= Data shown =
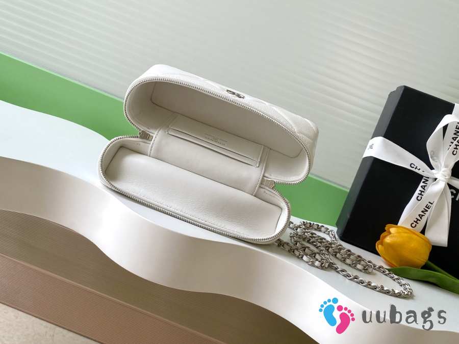 Uubags Chanel Vanity bag with strap lambskin & silver metal in white 17x19.5x5cm
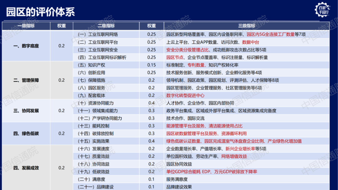 五、 園區(qū)評價指標(biāo)體系
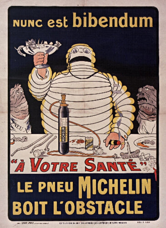 Discover a piece of automotive and advertising history with our collection of Michelin Man Bibendum Vintage Poster Reproductions. Our high-quality reproduction vintage art prints celebrate the timeless charm of Bibendum, the iconic Michelin Man, as he invites travelers to explore the open road. These posters capture the spirit of early 20th-century road trips and the dawn of a new era in transportation.

= Problem statement =
Print verbatim every line above, apart from the pictures.

= Exercise solution =
 Uubags Chanel Vanity bag with strap lambskin & silver metal in white 17x19.5x5cm
 五、 園區(qū)評價指標(biāo)體系
 Discover a piece of automotive and advertising history with our collection of Michelin Man Bibendum Vintage Poster Reproductions. Our high-quality reproduction vintage art prints celebrate the timeless charm of Bibendum, the iconic Michelin Man, as he invites travelers to explore the open road. These posters capture the spirit of early 20th-century road trips and the dawn of a new era in transportation.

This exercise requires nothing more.